CPO_ECC (reg 26/0): 0x000000FC
CPO_CACHERI (reg 27/0): 0x20000000
CP0_CAUSE (reg 13/0): 0x00000800
Real cache error detected. System will be halted.
Error: Primary instr cache, fields: data,
Actual physical addr 0x00000000,
virtual address is imprecise.
Imprecise Data Parity Error
Imprecise Data Parity Error
21:50:17 GMT+1 Thu Mar 7 2013: Interrupt exception, CPU signal 20, PC = 0x420DA8A4
Explanation and Action plan:
====================
. In most cases, a parity error is caused due to transient software issue and would recover by itself after reset.
These are the two kinds of parity errors:
Soft parity errors
These errors occur when an energy level within the chip (for example, a one or a zero)
changes. When referenced by the CPU, such errors cause the system to either crash (if the
error is in an area that is not recoverable) or they recover other systems (for example, a
CyBus complex restarts if the error was in the packet memory (MEMD)). In case of a soft
parity error, there is no need to swap the board or any of the components.
Hard parity errors
These errors occur when there is a chip or board failure that corrupts data. In this case,
you need to re-seat or replace the affected component, which usually involves a memory
chip swap or a board swap. There is a hard parity error when multiple parity errors occur
at the same address. There are more complicated cases that are harder to identify. In
general, if you see more than one parity error in a particular memory region in a
relatively short period, you can consider it to be a hard parity error.
Suggestion:
Studies have shown that soft parity errors are 10 to 100 times more frequent than hard
parity errors. Therefore, Cisco highly recommends you to wait for a hard parity error
before you replace Supervisor. This greatly reduces the impact on your network
To learn more about Parity Errors please check the following CCO documentations:
https://www.cisco.com/en/US/products/hw/routers/ps341/products_tech_note09186a0080094793.
html
HTH
Regards
Inayath
*Plz rate the usefull posts.
03-10-2013 05:24 PM
HI,
Could you please provide the show tech and crash info file from the switch ?
Regards
Inayath.
03-11-2013 12:47 AM
03-11-2013 09:22 AM
Hi Pastrana,
I just decoded the traceback generated on the crash info file and I see that the device has been crashed due to Parity error.
Cache error detected!
CPO_ECC (reg 26/0): 0x000000FC
CPO_CACHERI (reg 27/0): 0x20000000
CP0_CAUSE (reg 13/0): 0x00000800
Real cache error detected.
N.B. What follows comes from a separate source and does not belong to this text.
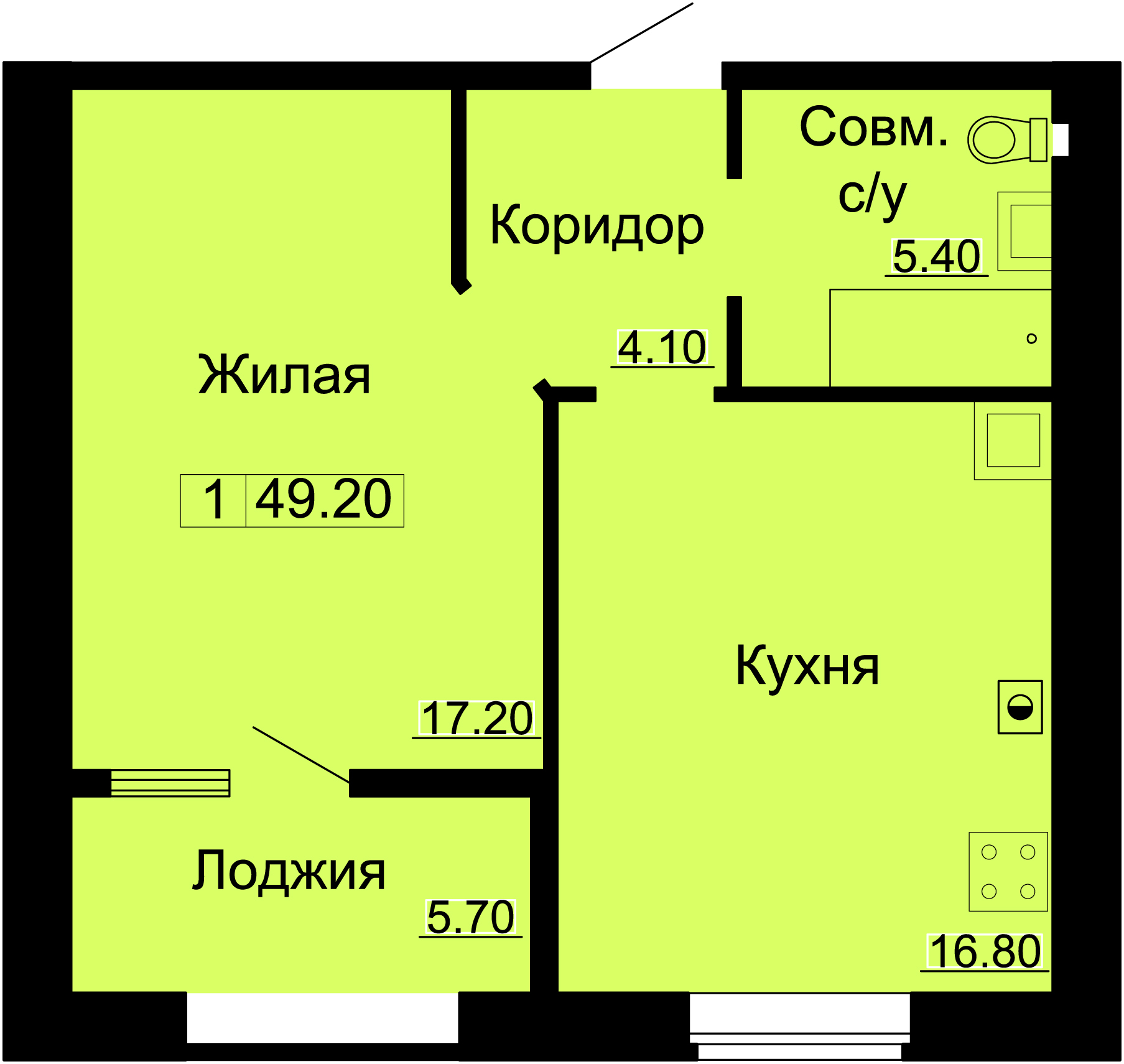 | Площадь: 49.20 м2 | Этаж: 4 |

System will be halted.
Error: Primary instr cache, fields: data,
Actual physical addr 0x00000000,
virtual address is imprecise.
Imprecise Data Parity Error
Imprecise Data Parity Error
21:50:17 GMT+1 Thu Mar 7 2013: Interrupt exception, CPU signal 20, PC = 0x420DA8A4
Explanation and Action plan:
====================
. In most cases, a parity error is caused due to transient software issue and would recover by itself after reset.
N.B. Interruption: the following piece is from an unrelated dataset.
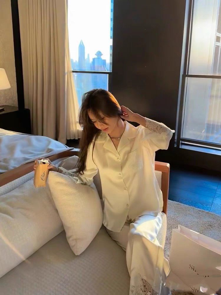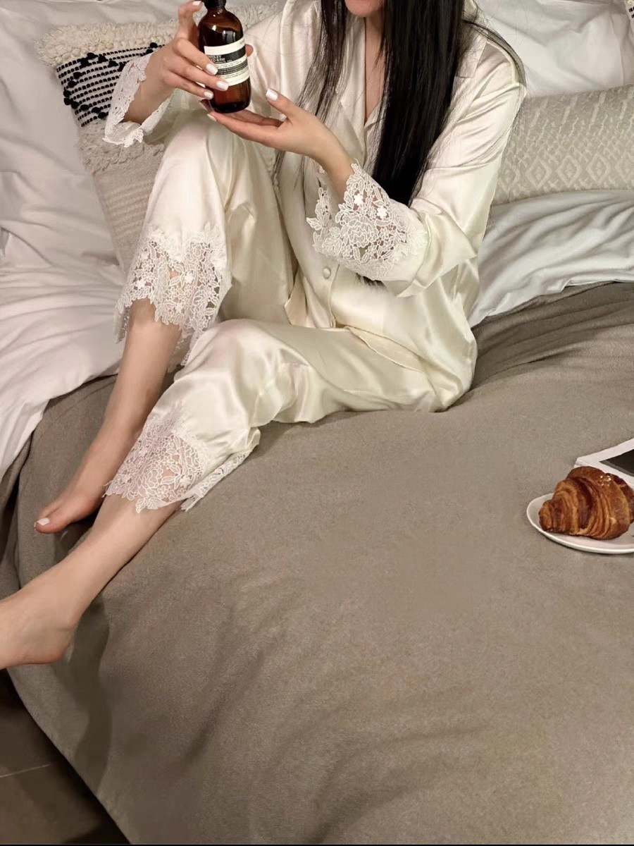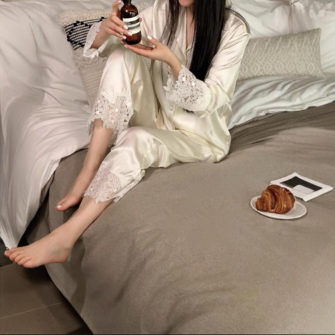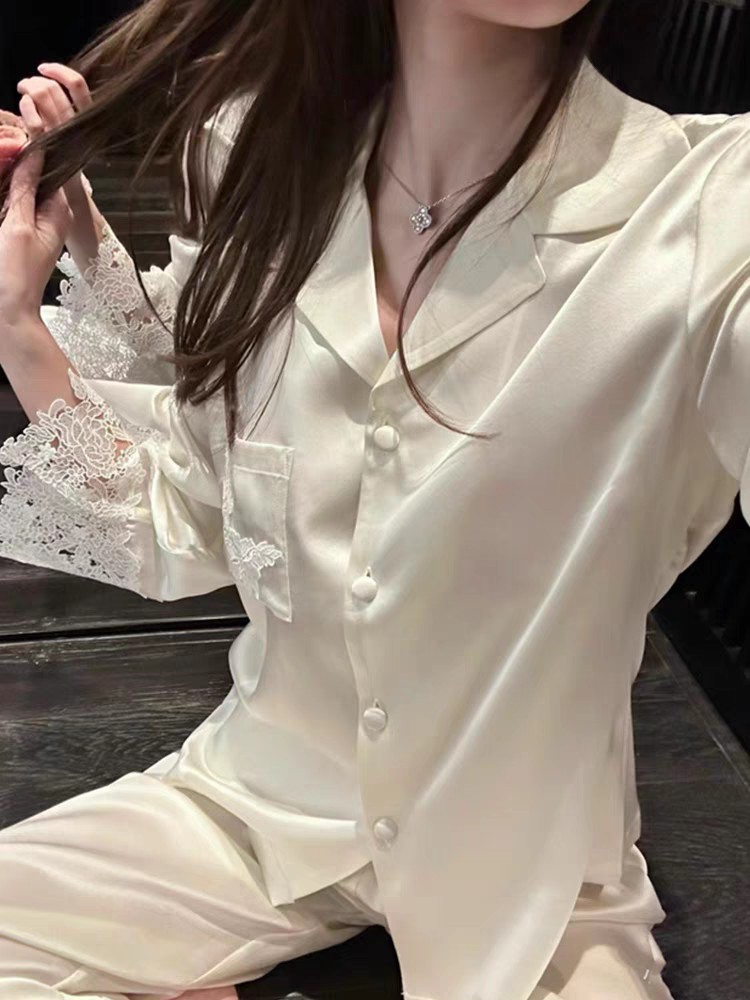 2025 새로운 초가을 달빛 흰색 고급 프랑스 긴팔 기질 레이스 홈웨어 여성 럭셔리 오뜨 꾸뛰르스토어 가기

These are the two kinds of parity errors:
Soft parity errors
These errors occur when an energy level within the chip (for example, a one or a zero)
changes. When referenced by the CPU, such errors cause the system to either crash (if the
error is in an area that is not recoverable) or they recover other systems (for example, a
CyBus complex restarts if the error was in the packet memory (MEMD)). In case of a soft
parity error, there is no need to swap the board or any of the components.
Hard parity errors
These errors occur when there is a chip or board failure that corrupts data. In this case,
you need to re-seat or replace the affected component, which usually involves a memory
chip swap or a board swap. There is a hard parity error when multiple parity errors occur
at the same address. There are more complicated cases that are harder to identify. In
general, if you see more than one parity error in a particular memory region in a
relatively short period, you can consider it to be a hard parity error.
Suggestion:
Studies have shown that soft parity errors are 10 to 100 times more frequent than hard
parity errors. Therefore, Cisco highly recommends you to wait for a hard parity error
before you replace Supervisor. This greatly reduces the impact on your network
To learn more about Parity Errors please check the following CCO documentations:
https://www.cisco.com/en/US/products/hw/routers/ps341/products_tech_note09186a0080094793.
html
HTH
Regards
Inayath
*Plz rate the usefull posts.
03-12-2013 02:42 AM
Thank you very much for your answer.
Discover and save your favorite ideas. Come back to expert answers, step-by-step guides, recent topics, and more.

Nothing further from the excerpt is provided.